Переписка между означенными лицами прервалась в 1831 году, когда господин Филимонов был привлечён к следствию по делу о тайном студенческом обществе Сунгурова. Поводом для привлечения господина Филимонова к следствию послужило признание студента Московского университета Поллонина, заявившего, что «Архангельский гражданский губернатор сочувствует обществу» и готов содействовать его революционным планам. Заявление на поверку оказалось оговором. Наши дознаватели установили, что инспирировал сей оговор некто Каглов, архангельский коммерсант. Войдя через доверенных лиц в сношение с вышеозначенным студентом, кстати, выходцем из Витебской губернии, что и Каглов, последний передал студенту за его услугу крупную денежную сумму.
Сей Каглов (по первоначальным метрикам Хаим Кагал) был замешан в архангельском уголовном деле о взятках и поставках непригодной муки. Дело велось с 1826 года и было закрыто. По ходатайству гражданского губернатора господина Филимонова В. С. в 1829 году его возобновили. По результатам нового следствия все фигуранты, проходившие по означенному противузаконному делу, были арестованы. Наказания избежали только военный генерал-губернатор господин Миницкий, которого Его Императорское Величество отрешил от должности, но державной волей помиловал, учтя прежние заслуги; а также означенный Каглов. Сему Каглову, по приговору суда лишённому честного имени, предписывалось под стражей направляться на поселение в Сибирь. Однако перед самой отправкой повелением Е. И. Величества сей субъект был из-под стражи освобождён во уважение его чистосердечного признания и раскаяния. Как нам стало известно, ходатайство о помиловании исходило от одного из членов императорской фамилии, ранее уже фигурировавшего в подобных делах, а собственноручную конфирмацию наложил сам государь.

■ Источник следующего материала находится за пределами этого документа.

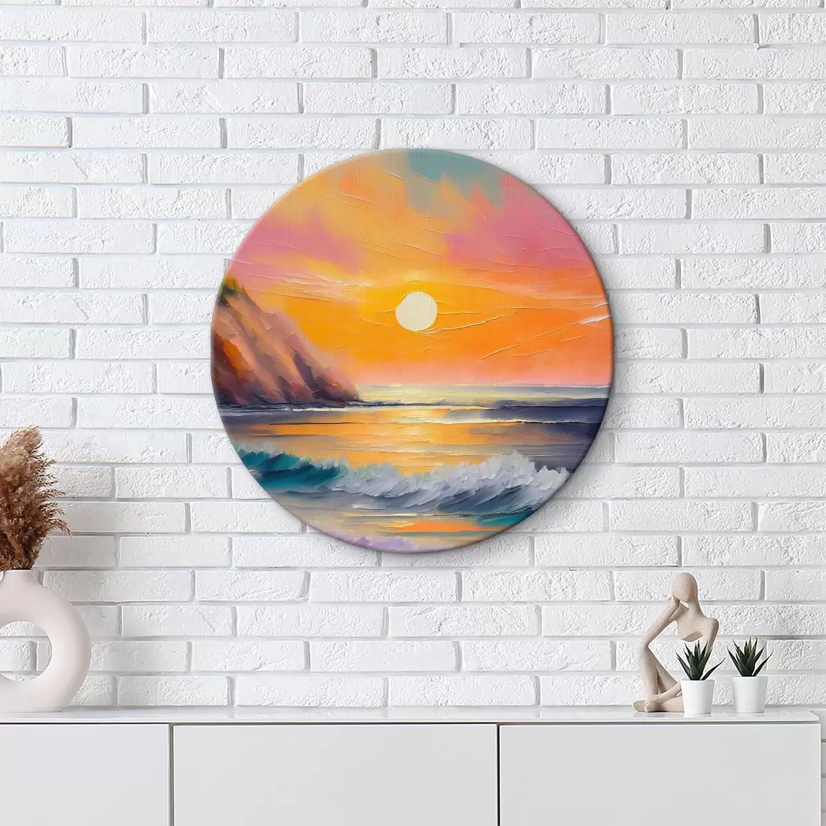 Picturi rotunde Culorile apusului de soare îmbrățișează valurile calme Nr r36582
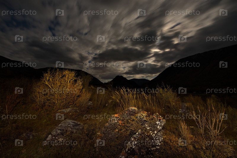 Россия. Юг Западной Сибири. Каменные россыпи в ночной долине реки Чулышман в горах Алтая

Пользуясь случаем, Ваше сиятельство, я намеренно делаю акцент на персоне Каглова, ибо для сего есть основания.
Вернувшись в Архангельск, означенный Кагал, имея на руках Высочайшее помилование и используя сей документ как индульгенцию, добился ареста тамошнего полицмейстера господин фон Шене, сорвав на том своё зло. А затем замыслил отомстить господину Филимонову, о чём я докладывал выше.
Действительный статский советник господин Филимонов, привлечённый к следствию и помещённый в Петропавловскую крепость, как выяснилось, оказался ни при чём. Однако при разборе его бумаг были обнаружены несколько предосудительных документов, связанных с известными событиями 14 декабря 1825 года. Оказалось, что попали эти документы (письма и копии писем ряда осуждённых офицеров) в силу литературных занятий господина Филимонова и его интереса к истории. После завершения следствия, которое длилось четыре месяца, господин Филимонов, отрешённый от должности гражданского губернатора Архангельской губернии, был освобождён. Высочайшим повелением он был определён на поселение в город Нарву. А в 1836 году ему было дозволено поселиться в Москву. В настоящее время господин Филимонов проживает в Москве, занимаясь исключительно литературной деятельностью.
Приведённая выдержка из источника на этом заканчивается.